Comment le complotisme a-t-il pu essaimer aussi rapidement dans nos sociétés durant les dernières années ? Par quels artifices les théoriciens du complot ont-ils entrainé des centaines de millions de gens de par le monde à abandonner toute rationalité pour se faire eux-mêmes les ambassadeurs de ces absurdités ? Stéphane discerne, à juste titre selon nous, deux ou trois éléments qui favorisent à coup sûr « l’entrée en complotisme » et qu’on retrouve dans la quasi-totalité des cas : une oisiveté, généralement subie mais pas toujours, et une forme d’isolement intellectuel qui évidemment n’arrange rien. Quant à lui, Martin pointe résolument que, selon lui, « c’est aussi la misère, les injustices et les souffrances grandissantes qui font le lit des théories complotistes… »
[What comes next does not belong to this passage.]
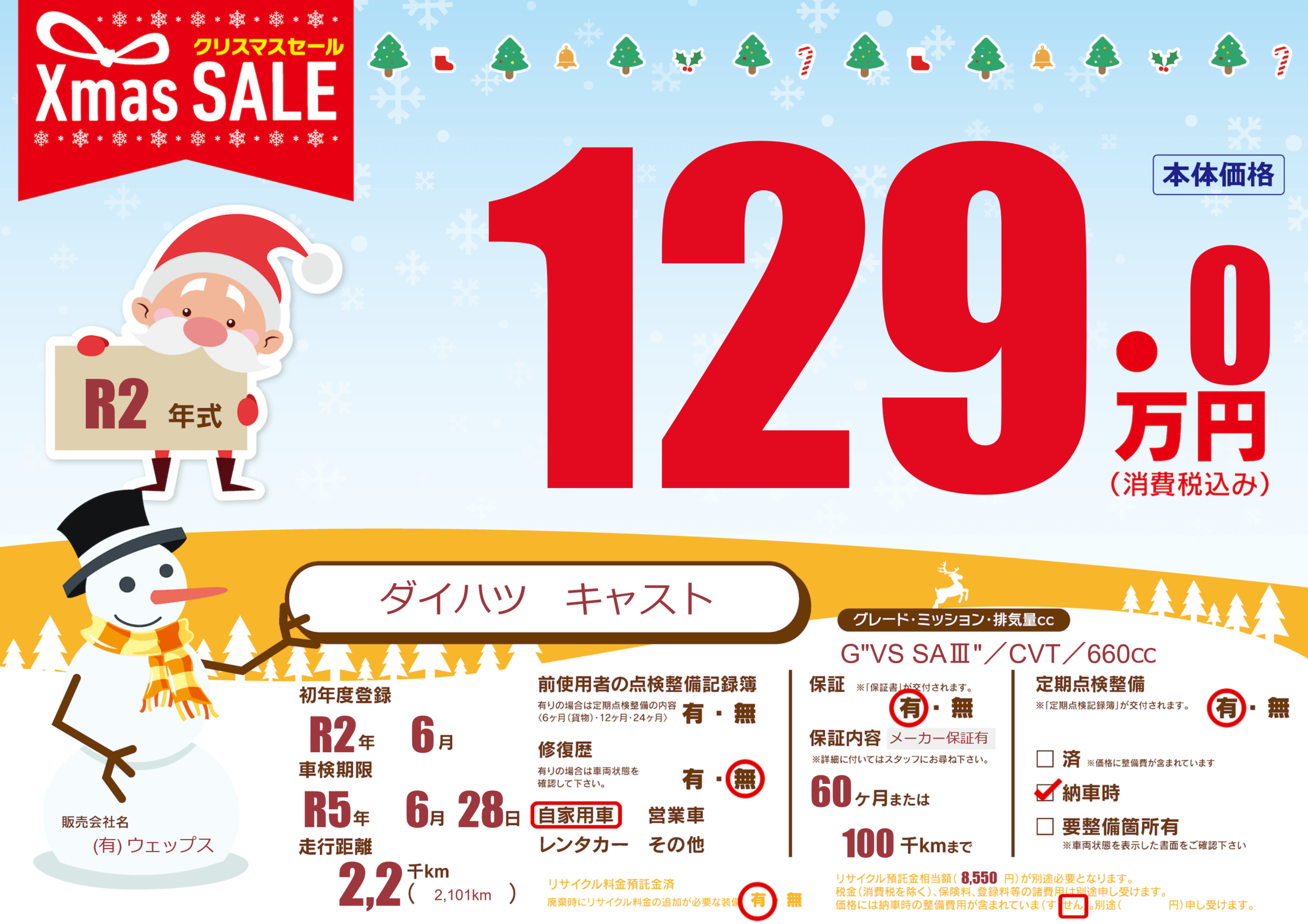 | 定期点検整備 | 定期点検整備あり 納車時あり | ||

On ajoutera à tout cela un des faits les plus marquants de la décennie passée (pour ne pas remonter plus loin encore) : l’hyper-défiance vis-à-vis de tout ce qui ressemble de près ou de loin à une parole dite « officielle » : celle des politiques, malmenés de toutes parts, celle des « experts » tous suspectés aujourd’hui d’être massivement achetés par les puissances industrielles, politiques et financières dominantes. Celle des journalistes également, les médias n’étant pas les derniers à subir les foudres d’une part du grand public…
Pour compléter le tableau, on aura un mot sur l’omniprésence des réseaux sociaux, commentée de manière magistrale par le merveilleux Umberto Eco peu de temps avant sa disparition : « Les réseaux sociaux ont donné le droit de parole à des légions d’imbéciles qui avant, ne parlaient qu’au bar et ne causaient aucun tort à la collectivité. On les faisait taire tout de suite. Aujourd’hui, ils ont le même droit de parole qu’un prix Nobel ».
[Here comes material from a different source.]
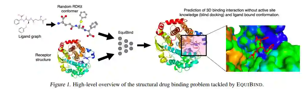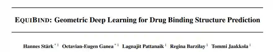 预测类药物分子如何与特定的蛋白质靶点结合是药物发现中的一个核心问题。一个极其快速的计算结合方法将使快速虚拟筛选或药物工程等关键应用成为可能。现有的方法在计算上是昂贵的,因为它们依赖于大量的候选样本,再加上评分、排名和微调步骤。我们用EQUIBIND挑战这种模式,它是一个SE(3)等价几何深度学习模型,对i)受体结合位置(盲对接)和ii)配体的结合姿势和方向进行直接拍摄预测。与传统和最近的基线相比,EquiBind实现了显著的速度提升和更好的质量。此外,我们显示,当它与现有的微调技术相结合时,以增加运行时间为代价,有了额外的改进。最后,我们提出了一个新的快速微调模型,该模型基于冯-米塞斯角距离与给定输入原子点云的全局最小值来调整配体的可旋转键的扭转角,避免了以前昂贵的能量最小化的差分进化策略。
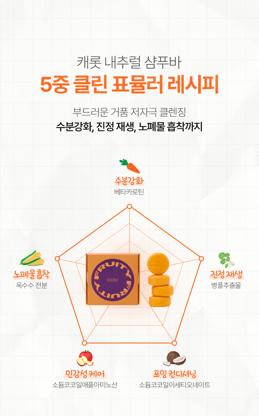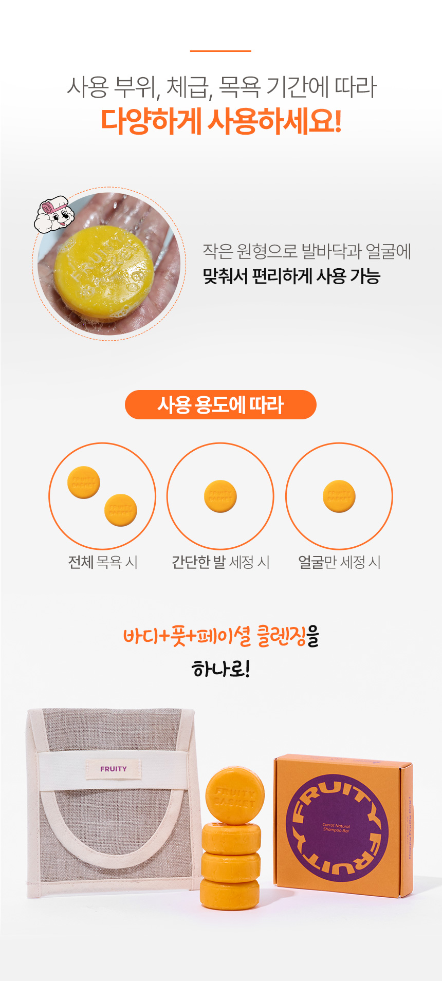[프루티바스켓] 캐롯 내추럴 펫 샴푸바, 제주당근 반려동물 올인원 샴푸

Rajoutez un petit zeste de chaines d’information continue qui rivalisent de populisme et de démagogie pour capter leur précieuse audience, et le compte sera bon, le tableau sera complet… Sur ces mêmes chaines d’information continue, vous souvenez-vous de l’un des leaders des Gilets jaunes, Maxime Nicolle, mettant ouvertement en doute le caractère terroriste de l’attentat du marché de noël de Strasbourg le 11 décembre 2018 et évoquant ouvertement « une manipulation du gouvernement pour détourner l’attention » de son mouvement ?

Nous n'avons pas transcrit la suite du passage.